**Entries provided:**
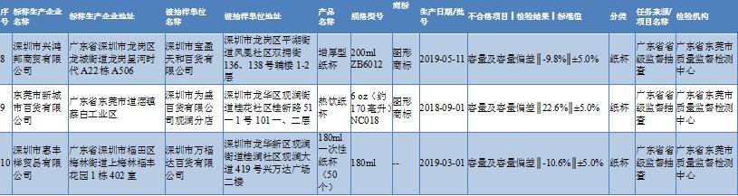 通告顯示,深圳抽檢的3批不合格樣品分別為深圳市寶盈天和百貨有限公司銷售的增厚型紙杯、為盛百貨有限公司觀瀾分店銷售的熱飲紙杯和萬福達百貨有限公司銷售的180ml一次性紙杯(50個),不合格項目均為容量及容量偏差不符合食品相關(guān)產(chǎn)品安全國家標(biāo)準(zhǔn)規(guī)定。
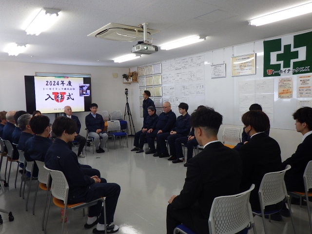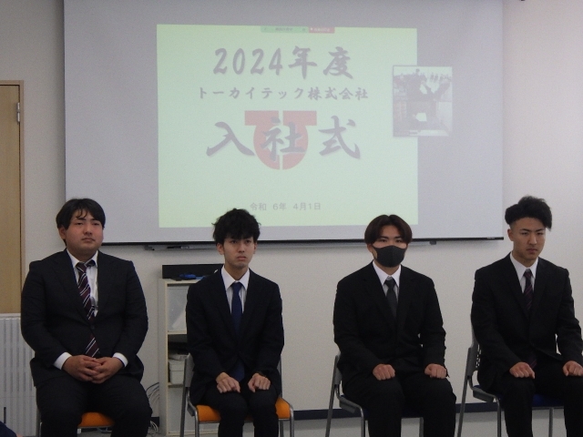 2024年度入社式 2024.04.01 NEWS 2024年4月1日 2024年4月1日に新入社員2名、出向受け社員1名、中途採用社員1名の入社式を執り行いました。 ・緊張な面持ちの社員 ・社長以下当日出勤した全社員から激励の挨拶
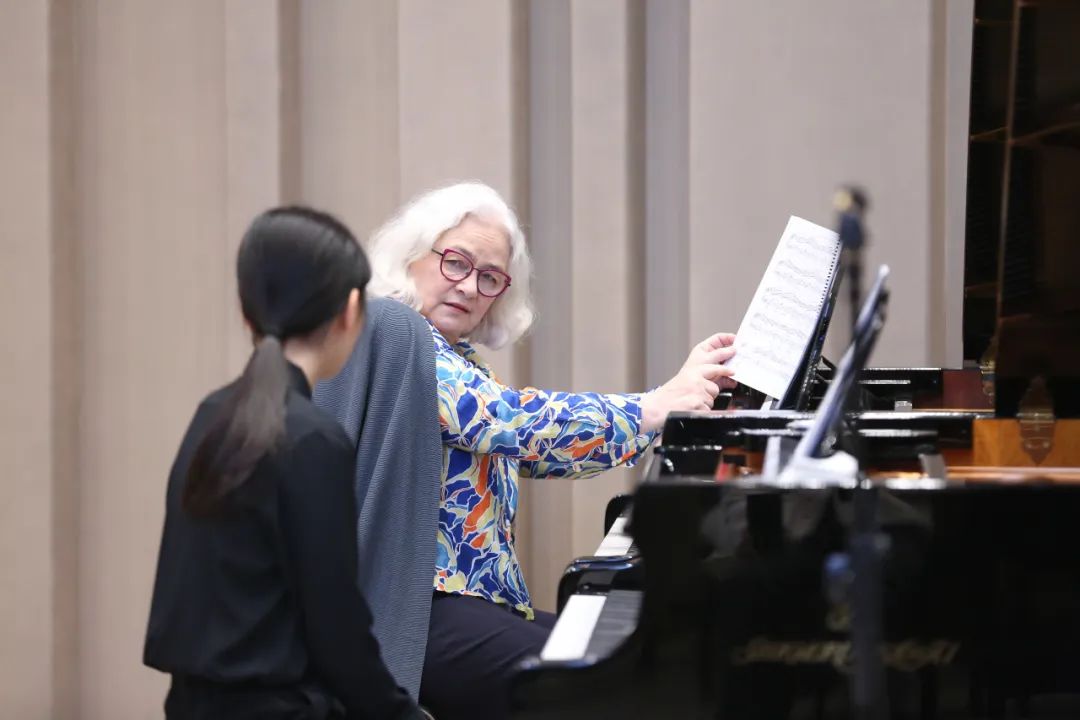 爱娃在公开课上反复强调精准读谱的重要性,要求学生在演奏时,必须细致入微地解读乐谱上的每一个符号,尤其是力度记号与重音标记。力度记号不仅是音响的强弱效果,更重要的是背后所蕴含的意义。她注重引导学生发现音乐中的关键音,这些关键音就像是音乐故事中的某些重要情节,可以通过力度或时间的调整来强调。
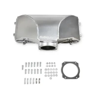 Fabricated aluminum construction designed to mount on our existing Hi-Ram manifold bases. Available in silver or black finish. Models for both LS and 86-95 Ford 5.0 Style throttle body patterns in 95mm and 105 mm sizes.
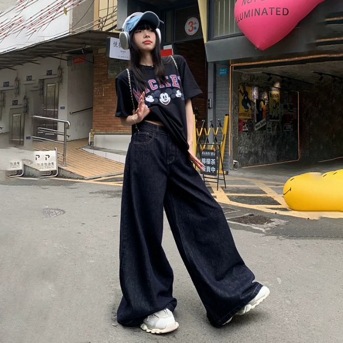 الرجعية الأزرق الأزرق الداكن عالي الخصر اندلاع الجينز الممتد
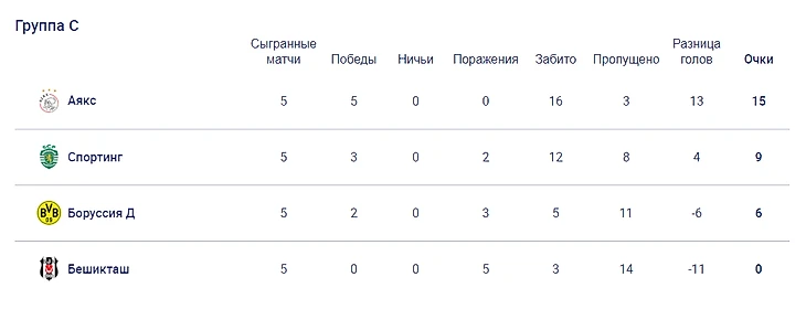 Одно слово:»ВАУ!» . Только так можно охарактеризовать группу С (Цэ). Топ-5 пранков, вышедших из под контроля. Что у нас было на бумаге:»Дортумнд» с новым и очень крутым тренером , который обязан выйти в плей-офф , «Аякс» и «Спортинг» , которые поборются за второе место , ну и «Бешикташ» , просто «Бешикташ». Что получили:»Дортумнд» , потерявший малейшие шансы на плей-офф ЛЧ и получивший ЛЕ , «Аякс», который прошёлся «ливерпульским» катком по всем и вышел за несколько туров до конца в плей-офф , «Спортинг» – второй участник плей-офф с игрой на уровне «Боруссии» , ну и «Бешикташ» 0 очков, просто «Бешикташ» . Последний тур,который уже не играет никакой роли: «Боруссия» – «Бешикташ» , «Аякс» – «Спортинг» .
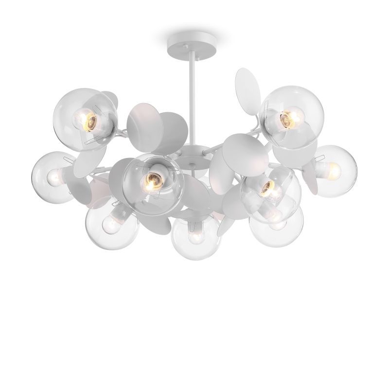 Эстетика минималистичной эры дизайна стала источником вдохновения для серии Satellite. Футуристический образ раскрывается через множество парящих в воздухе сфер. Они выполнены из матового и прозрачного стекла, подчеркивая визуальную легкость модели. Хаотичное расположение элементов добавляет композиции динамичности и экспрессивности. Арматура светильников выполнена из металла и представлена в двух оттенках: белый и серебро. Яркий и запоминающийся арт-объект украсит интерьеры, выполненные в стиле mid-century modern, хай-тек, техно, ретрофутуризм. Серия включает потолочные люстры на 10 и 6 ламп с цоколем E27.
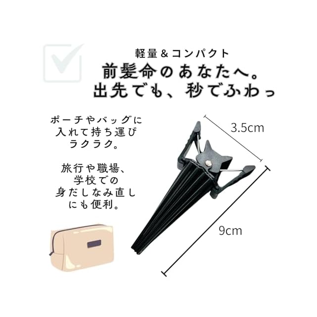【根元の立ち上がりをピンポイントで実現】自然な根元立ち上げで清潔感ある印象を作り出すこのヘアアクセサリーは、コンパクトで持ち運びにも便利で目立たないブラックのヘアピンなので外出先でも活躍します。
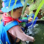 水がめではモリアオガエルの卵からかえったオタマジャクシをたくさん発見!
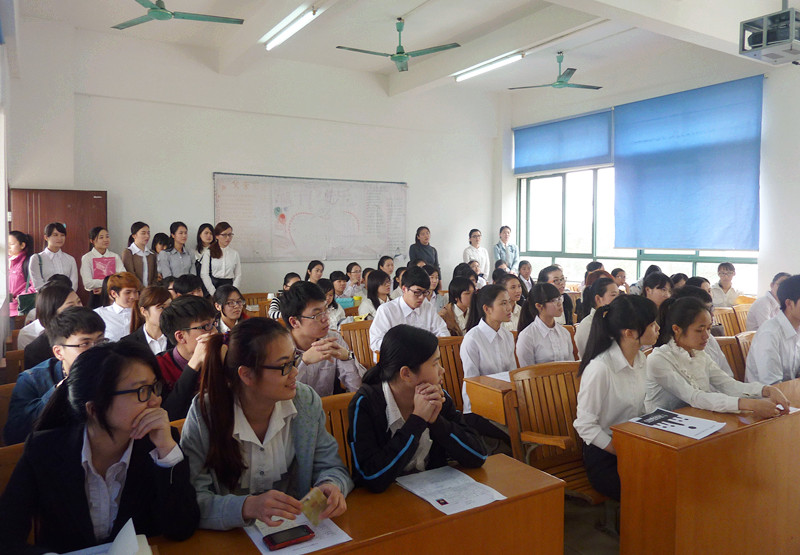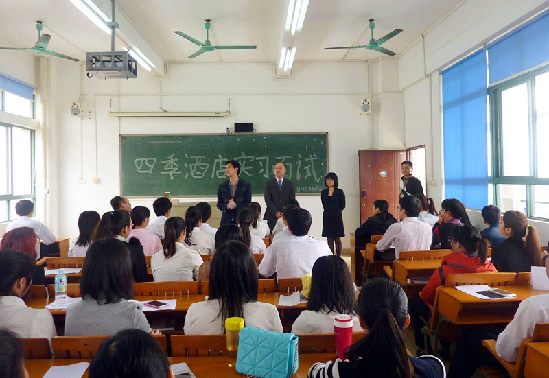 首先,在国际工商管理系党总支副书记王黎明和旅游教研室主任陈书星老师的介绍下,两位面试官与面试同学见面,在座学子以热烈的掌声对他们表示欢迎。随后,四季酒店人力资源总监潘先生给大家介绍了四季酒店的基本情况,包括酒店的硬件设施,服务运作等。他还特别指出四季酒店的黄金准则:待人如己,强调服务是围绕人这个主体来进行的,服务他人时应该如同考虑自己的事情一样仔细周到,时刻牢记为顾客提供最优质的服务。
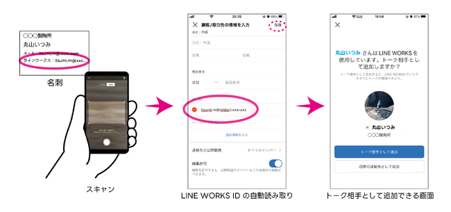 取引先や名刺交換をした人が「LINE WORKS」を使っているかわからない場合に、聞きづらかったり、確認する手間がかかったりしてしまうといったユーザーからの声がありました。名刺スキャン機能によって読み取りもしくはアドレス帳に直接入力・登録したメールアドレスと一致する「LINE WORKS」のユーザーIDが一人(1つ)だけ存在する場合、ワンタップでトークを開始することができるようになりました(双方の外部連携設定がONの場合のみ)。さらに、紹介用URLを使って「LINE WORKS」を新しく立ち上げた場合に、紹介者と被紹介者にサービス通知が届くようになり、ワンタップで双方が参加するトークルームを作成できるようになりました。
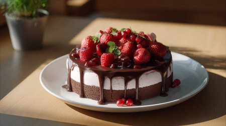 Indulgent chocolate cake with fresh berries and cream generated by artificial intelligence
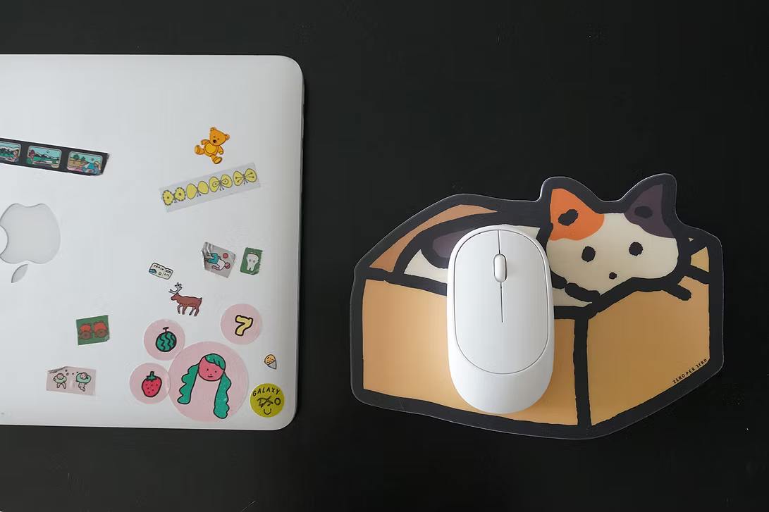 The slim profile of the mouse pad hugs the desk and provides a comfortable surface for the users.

**Task requirements:**
Since only the text is needed, retype the data above exactly and omit the pictures.

**Your solution:**
 通告顯示,深圳抽檢的3批不合格樣品分別為深圳市寶盈天和百貨有限公司銷售的增厚型紙杯、為盛百貨有限公司觀瀾分店銷售的熱飲紙杯和萬福達百貨有限公司銷售的180ml一次性紙杯(50個),不合格項目均為容量及容量偏差不符合食品相關(guān)產(chǎn)品安全國家標(biāo)準(zhǔn)規(guī)定。
 2024年度入社式 2024.04.01 NEWS 2024年4月1日 2024年4月1日に新入社員2名、出向受け社員1名、中途採用社員1名の入社式を執り行いました。 ・緊張な面持ちの社員 ・社長以下当日出勤した全社員から激励の挨拶
 爱娃在公开课上反复强调精准读谱的重要性,要求学生在演奏时,必须细致入微地解读乐谱上的每一个符号,尤其是力度记号与重音标记。力度记号不仅是音响的强弱效果,更重要的是背后所蕴含的意义。她注重引导学生发现音乐中的关键音,这些关键音就像是音乐故事中的某些重要情节,可以通过力度或时间的调整来强调。
 Fabricated aluminum construction designed to mount on our existing Hi-Ram manifold bases. Available in silver or black finish. Models for both LS and 86-95 Ford 5.0 Style throttle body patterns in 95mm and 105 mm sizes.
 الرجعية الأزرق الأزرق الداكن عالي الخصر اندلاع الجينز الممتد
 Одно слово:»ВАУ!» . Только так можно охарактеризовать группу С (Цэ). Топ-5 пранков, вышедших из под контроля. Что у нас было на бумаге:»Дортумнд» с новым и очень крутым тренером , который обязан выйти в плей-офф , «Аякс» и «Спортинг» , которые поборются за второе место , ну и «Бешикташ» , просто «Бешикташ». Что получили:»Дортумнд» , потерявший малейшие шансы на плей-офф ЛЧ и получивший ЛЕ , «Аякс», который прошёлся «ливерпульским» катком по всем и вышел за несколько туров до конца в плей-офф , «Спортинг» – второй участник плей-офф с игрой на уровне «Боруссии» , ну и «Бешикташ» 0 очков, просто «Бешикташ» . Последний тур,который уже не играет никакой роли: «Боруссия» – «Бешикташ» , «Аякс» – «Спортинг» .
 Эстетика минималистичной эры дизайна стала источником вдохновения для серии Satellite. Футуристический образ раскрывается через множество парящих в воздухе сфер. Они выполнены из матового и прозрачного стекла, подчеркивая визуальную легкость модели. Хаотичное расположение элементов добавляет композиции динамичности и экспрессивности. Арматура светильников выполнена из металла и представлена в двух оттенках: белый и серебро. Яркий и запоминающийся арт-объект украсит интерьеры, выполненные в стиле mid-century modern, хай-тек, техно, ретрофутуризм. Серия включает потолочные люстры на 10 и 6 ламп с цоколем E27.
【根元の立ち上がりをピンポイントで実現】自然な根元立ち上げで清潔感ある印象を作り出すこのヘアアクセサリーは、コンパクトで持ち運びにも便利で目立たないブラックのヘアピンなので外出先でも活躍します。
 水がめではモリアオガエルの卵からかえったオタマジャクシをたくさん発見!
 首先,在国际工商管理系党总支副书记王黎明和旅游教研室主任陈书星老师的介绍下,两位面试官与面试同学见面,在座学子以热烈的掌声对他们表示欢迎。随后,四季酒店人力资源总监潘先生给大家介绍了四季酒店的基本情况,包括酒店的硬件设施,服务运作等。他还特别指出四季酒店的黄金准则:待人如己,强调服务是围绕人这个主体来进行的,服务他人时应该如同考虑自己的事情一样仔细周到,时刻牢记为顾客提供最优质的服务。
 取引先や名刺交換をした人が「LINE WORKS」を使っているかわからない場合に、聞きづらかったり、確認する手間がかかったりしてしまうといったユーザーからの声がありました。名刺スキャン機能によって読み取りもしくはアドレス帳に直接入力・登録したメールアドレスと一致する「LINE WORKS」のユーザーIDが一人(1つ)だけ存在する場合、ワンタップでトークを開始することができるようになりました(双方の外部連携設定がONの場合のみ)。さらに、紹介用URLを使って「LINE WORKS」を新しく立ち上げた場合に、紹介者と被紹介者にサービス通知が届くようになり、ワンタップで双方が参加するトークルームを作成できるようになりました。
 Indulgent chocolate cake with fresh berries and cream generated by artificial intelligence
 The slim profile of the mouse pad hugs the desk and provides a comfortable surface for the users.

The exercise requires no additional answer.